Der Ausstieg aus der 
						Kohle ist Teil der Energiewende und unserer Umwelt verpflichtet. 
						Insoweit sind gelegentliche Bemerkungen, dass Kohle in Indonesien, 
						Südafrika oder Kolumbien billiger gefördert wird, süffisant. Es geht 
						nicht um Marktpreise der Energieträger und Konkurrenten der Kohle wie 
						Gas und Öl, sondern um Existenzbedingungen der Menschheit, sicher 
						demnächst auch in Indonesien. Da sind Forschungsergebnisse 
						erwähnenswert, über Unmengen an ultrafeinen Staubpartikeln, die trotz 
						der Abgasreinigung von Kohlekraftwerken ausgestoßen in hohen 
						Luftschichten anzutreffen sind. Und australische Forscher sahen einen 
						Zusammenhang zwischen Inbetriebnahme von neuen Kohlekraftwerken und den 
						Regenmengen in Australien.   
Die Stilllegung 
						der Kohlezechen birgt auch Risiken. Bleibt zu hoffen, dass keine 
						Bergsenkungen eintreten, die Gebäude übertage gefährden könnten. Bei den
						 gegebenen geologischen Formationen unwahrscheinlich. Aber wer weiß ob 
						die Abauorte mit Versatz verfüllt wurden oder auch Wasserläufe 
						Veränderungen untertage Wirkungen übertage herbeiführen könnten. Bleibt 
						zu hoffen, dass die Experten mit ihren Versuchen die riesigen Mengen 
						Wasser nutzen können und  in den Wärmekreislauf einspeisen können. 

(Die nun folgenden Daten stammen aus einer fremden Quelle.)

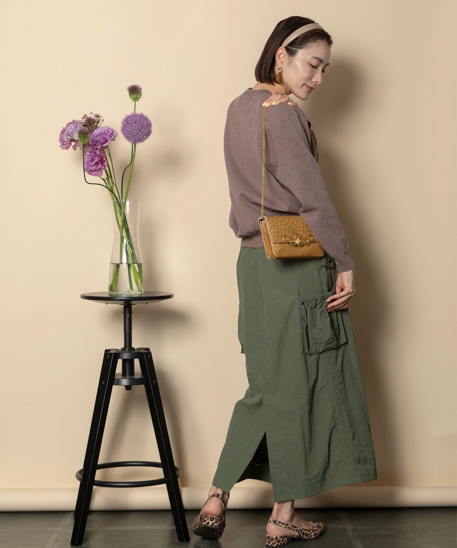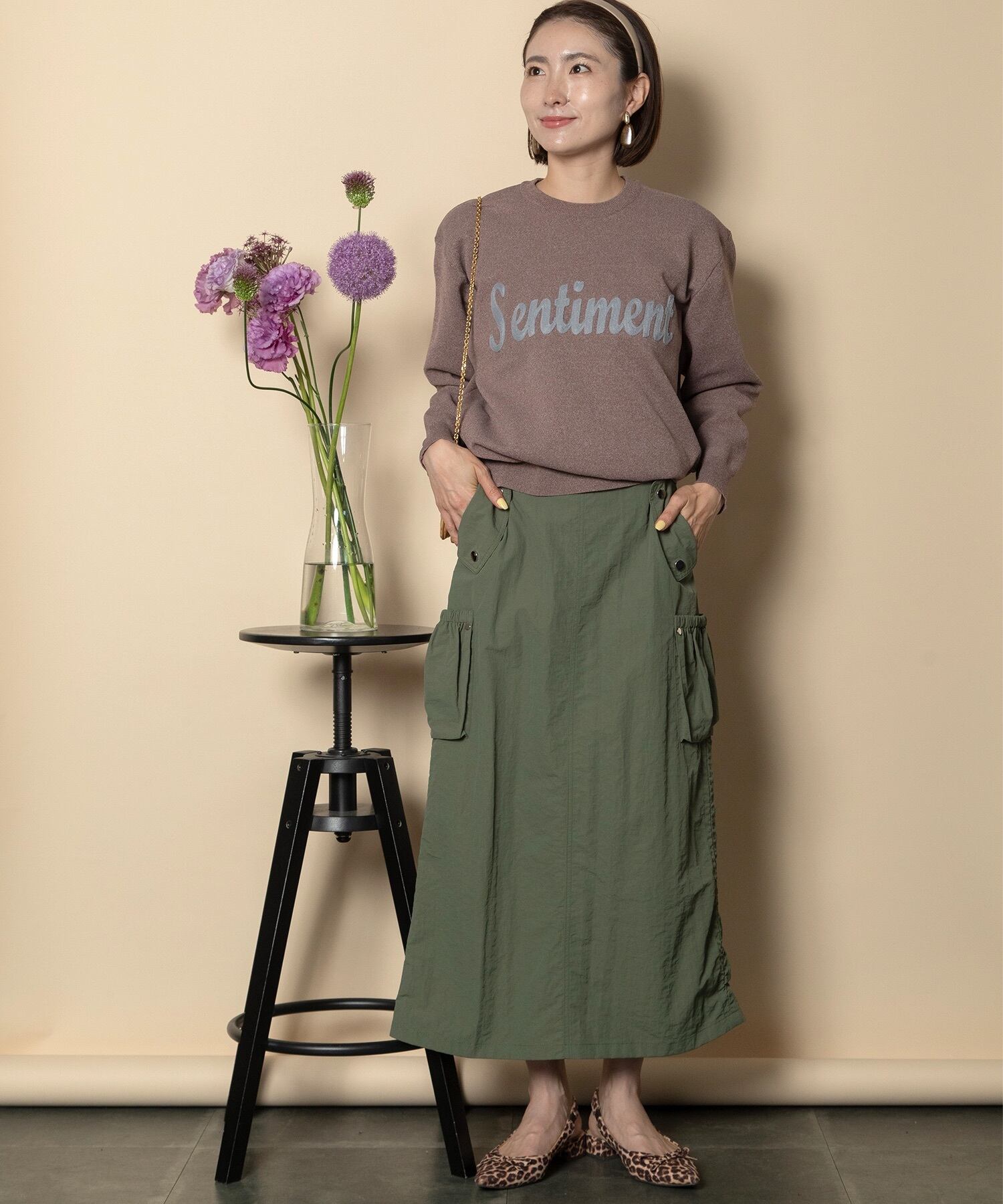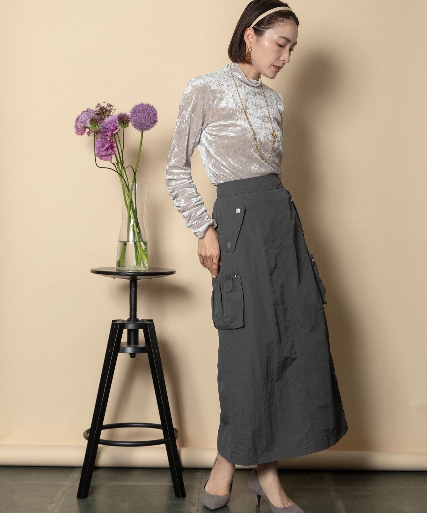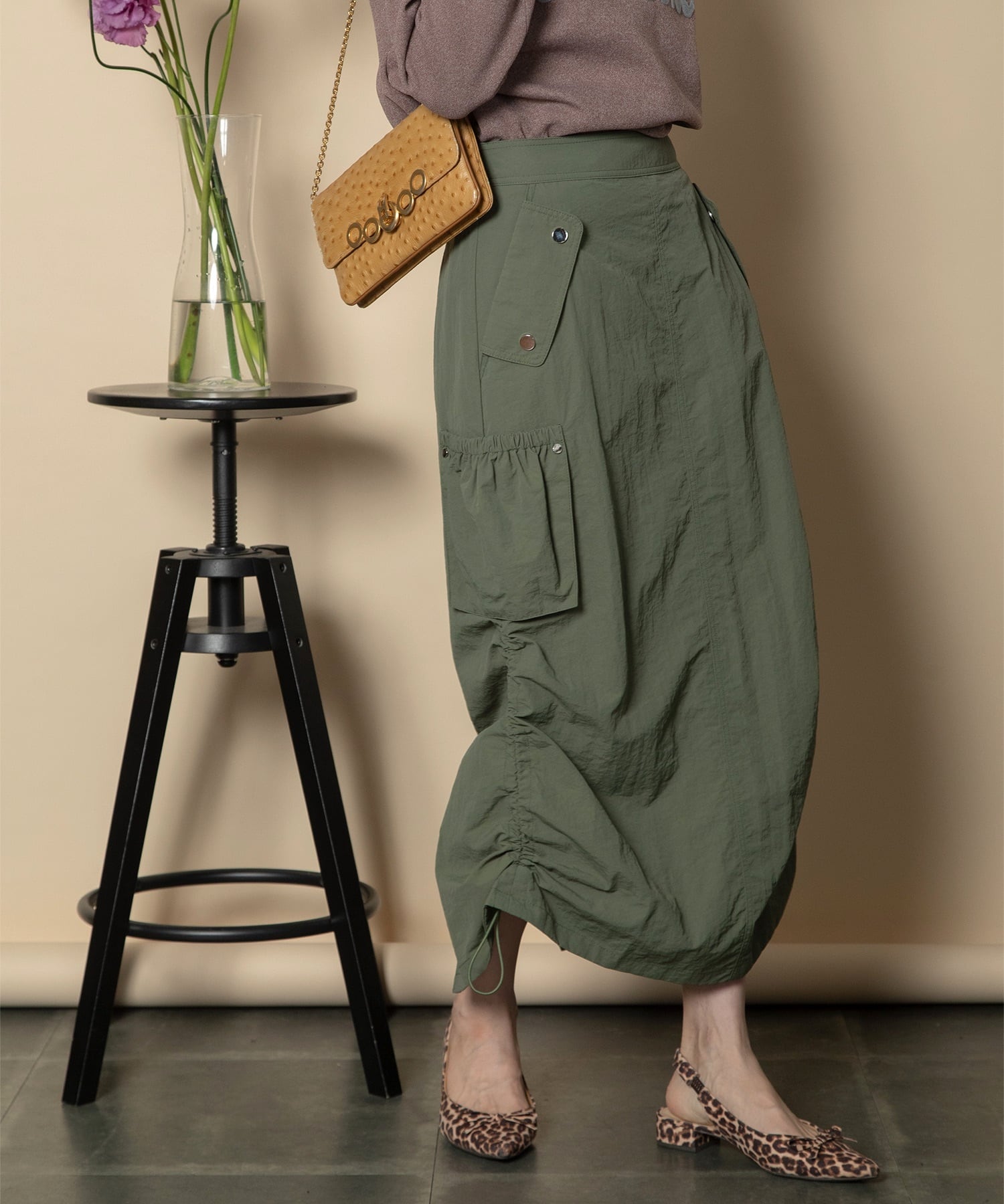 裾にドロストコードが付いており、タイトとバルーンの2WAYシルエットで楽しめるデザインカーゴスカート。ミリタリーテイストのマチ付きフラップポケットがポイント。

						Insoweit ist das alte Kohlerevier zu einem Versuchslabor mit 
						ökologischere Bedeutung geworden.       
Nicht vergessen 
						werden dürfen die Bergbauregionen im Osten Deutschlands wie etwa in der 
						Lausitz. Mit dem beschlossenen Ende der Braunkohle wird nun auch in 
						dieser Region die letzte große Industrie abgewickelt. Der Bergbau wird 
						trotz aller Naturierung ein entkerntes Land hinterlassen und die 
						Umstrukturierung mühsam sein. Bleibt zu hoffen, dass bei der Ansiedlung 
						neuer Industrien nicht wieder eine Geldhaiepraxis wie einst bei der 
						TREUHAND greift.
Nach Vorgaben der Kohlekommission der 
						Bundesregierung wird die Lausitz über einen Zeitraum von 20 Jahren 18 
						Mrd. Euro erhalten.  
In der Lausitz und dem mitteldeutschen 
						Revier in Brandenburg, Sachsen und Sachsen-Anhalt, dem Rheinischen 
						Revier in NRW und dem Helmstedter Revier in Niedersachsen droht der 
						Wegfall von bis zu 60.000 Jobs. Zudem fallen jährlich 3,3 Mrd. Euro 
						Wirtschaftsleistung weg. In den 40 Mrd. Euro für den Kohleausstieg sind 
						Entschädigungen für die Kraftwerksbetreiber bei vorzeitiger Abschaltung 
						ihrer Anlagen noch nicht enthalten. Steuerzahler hilf! Welche 
						zusätzlichen Aufwendungen anfallen, wenn die Abschaltung der 
						Kohlekraftwerke vor 2038 vollzogen wird, ist offen.